Sie rannte weiter und erreichte den nächsten Absatz. Die Tür zur obersten Etage war geschlossen. Jack, der hinter ihr zurückgeblieben war, verfehlte im Dunkeln eine Stufe und stürzte. Er rutschte zwei Stufen nach unten. Die Pistole wurde dabei auf den Treppenabsatz geschleudert und landete direkt vor Harriets Füßen. Sie hob die Waffe eilig auf. Als sie sich wieder aufrichtete, bemerkte sie hinter dem Fenster der Treppenhaustür ein Licht.
Die Lichtkegel von Taschenlampen schwenkten durch die Dunkelheit.
»Wir suchen die Etage ab und arbeiten uns dann nach oben vor!«, rief Annishen. »Scheucht sie aus ihrem Versteck.«
Harriet drehte sich um. Jack krabbelte auf sie zu. Hinter ihm bog ein dunkler Schatten um den Treppenabsatz herum und setzte ihm nach. Der Hund knurrte bedrohlich.

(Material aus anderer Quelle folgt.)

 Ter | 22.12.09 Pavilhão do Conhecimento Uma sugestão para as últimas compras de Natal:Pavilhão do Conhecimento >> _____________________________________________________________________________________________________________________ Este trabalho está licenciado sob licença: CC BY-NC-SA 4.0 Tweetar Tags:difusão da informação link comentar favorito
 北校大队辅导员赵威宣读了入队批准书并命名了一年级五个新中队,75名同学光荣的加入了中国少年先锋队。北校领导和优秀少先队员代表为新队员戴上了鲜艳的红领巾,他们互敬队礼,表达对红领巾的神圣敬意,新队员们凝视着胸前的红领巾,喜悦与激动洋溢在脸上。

Harriet hob die Pistole. Wenn sie abdrückte, würde Annishen
den Schuss hören. Dann würden die Bewaffneten in Sekundenschnelle hier sein.
Sie zögerte einen Moment zu lange.
Mit einem bösartigen Knurren sprang der Hund ihren Mann an.
07:58
Angkor Thom
Seichan beobachtete, wie Gray um den Hauptaltar herumging.

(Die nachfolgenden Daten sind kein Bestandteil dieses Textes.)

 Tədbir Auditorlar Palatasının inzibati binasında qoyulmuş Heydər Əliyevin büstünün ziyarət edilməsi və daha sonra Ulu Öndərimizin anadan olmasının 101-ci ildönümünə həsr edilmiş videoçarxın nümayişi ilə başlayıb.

Es hatte fast zwanzig Minuten gedauert, bis sie nach mehreren Versuchen den Weg zur dritten Ebene des Bayon gefunden hatten, wo das Heiligtum lag. Das vier Hektar große Gelände war ein Labyrinth düsterer Galerien, sonnenbeschienener Höfe, niedriger Durchgänge und fast senkrecht abfallender Wände. An den niedrigen Decken stieß man sich den Kopf, manche Wege konnten sie nur im Gänsemarsch bewältigen oder mussten sich sogar an den Wänden entlangdrücken. Viele Gänge endeten in einer Sackgasse.
Als sie das kleine Heiligtum erreichten, waren sie alle mit Staub bedeckt und völlig durchschwitzt. Es war bereits drückend schwül. Jedenfalls hatten sie ihr Ziel erreicht.
»Hier ist nichts«, brummte Nasser mürrisch.